Die Fasnet ist so sonnig und warm wie lange nicht mehr. Die Hexen haben nicht nur Schnaps, sondern die Wasserpistole dabei. Prachtvoller Umzug als Höhepunkt.
Der Rosenmontagsumzug in Horb. Höhepunkt der Fasnet. Und diesmal ein Mix aus Ballermann, Rio und Tradition.
Es war echt heiß beim Umzug. Schon bevor es losging, wurde der kleine Platz zwischen Schiller-Apotheke und Dönerladen zum Strand. Das wurde das Fell ausgezogen und es wurde gesonnt.
Dann ging es endlich los – mit Verspätung. Wahrscheinlich mussten sich die Teilnehmer erst mal richtig abkühlen, ehe es ins knallwarme Häs ging. Und bei diesem Sommerfeeling lässt das Grafenpaar Marie Dörr und Felix Weisser den Schleck so richtig regnen. Die Fleggazoddla heizen richtig ein, ehe der Narrenrat mit Narri-Narro in bester Stimmung das Publikum anheizt. Die Turmschurken spannen das erste Mädel in den Pranger – und ab geht die wilde Sause!
Junge Mädels verlieren ihre Schnürsenkel
Diesmal besonders im Mittelpunkt: Der Narrensamen und die jungen Mädels.

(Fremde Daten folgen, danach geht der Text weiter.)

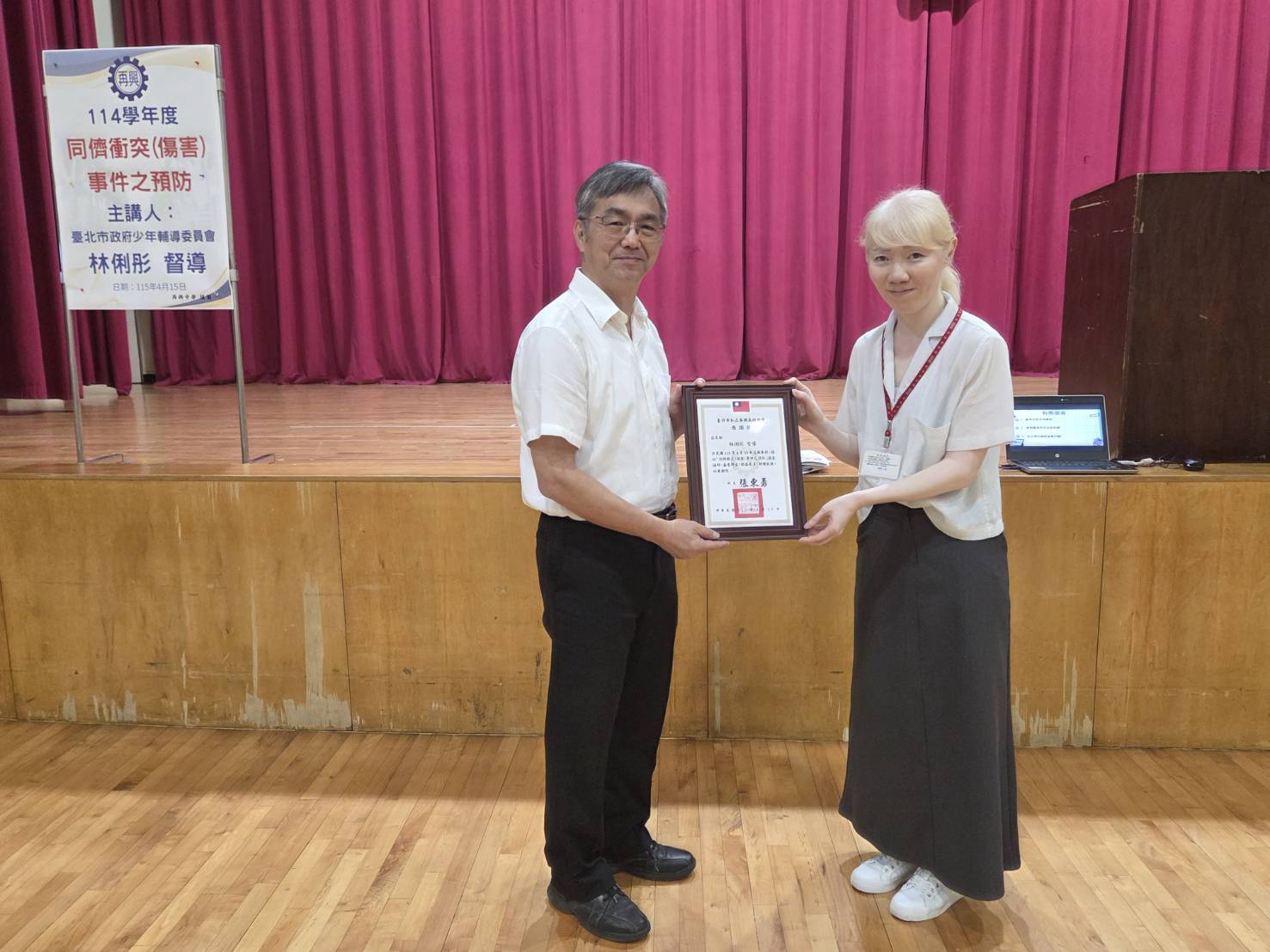 此外,活動中亦安排有獎徵答,加深同學對宣導內容的印象,現場氣氛熱絡。最後由校長頒發感謝狀,為本次宣導活動畫下圓滿句點。

Die verlieren diesmal nicht nur ihre Schnürsenkel, sondern werden sogar ins Hopfenfass gesteckt. Das Bier wär ihnen wahrscheinlich lieber.
Aber egal: Die Bauzler servieren Schnaps, die Narrenzunft Hochdorf fährt ihren Häs-Kollegen im Einkaufswagen rum, und im kühlen Schatten der Neckarstraße zeigt ein junges Mädchen, was sie im Seilhüpfen draufhat: Die Hexen drehen, sie schafft 22 Mal. Und zur Abkühlung kommen gleich die närrischen Kollegen vorbei: Eine Hex hat sogar die Wasserpistole dabei und kühlt das Publikum ab.
Drehwurm im Kreisel
Wem vom Feiern noch nicht der Kopf dreht, für den gibt es den „Kotz-Kreisel“ der Eutinger Hexen. Die netten Mädels aus dem Gäu kommen diesmal rothaarig daher mit kleinen Hörnle auf den Haaren.
Und Blue Grass aus Sindelfingen zeigen, dass es auch nördlich des Fasnets-Äquator richtig abgehen kann: Das fetzigste Trio rockt zu dritt: Mama an der Posaune, die beiden Söhne an den Drums.
Das Symbol für den sonnigsten Horber Rosenmontags-Umzug.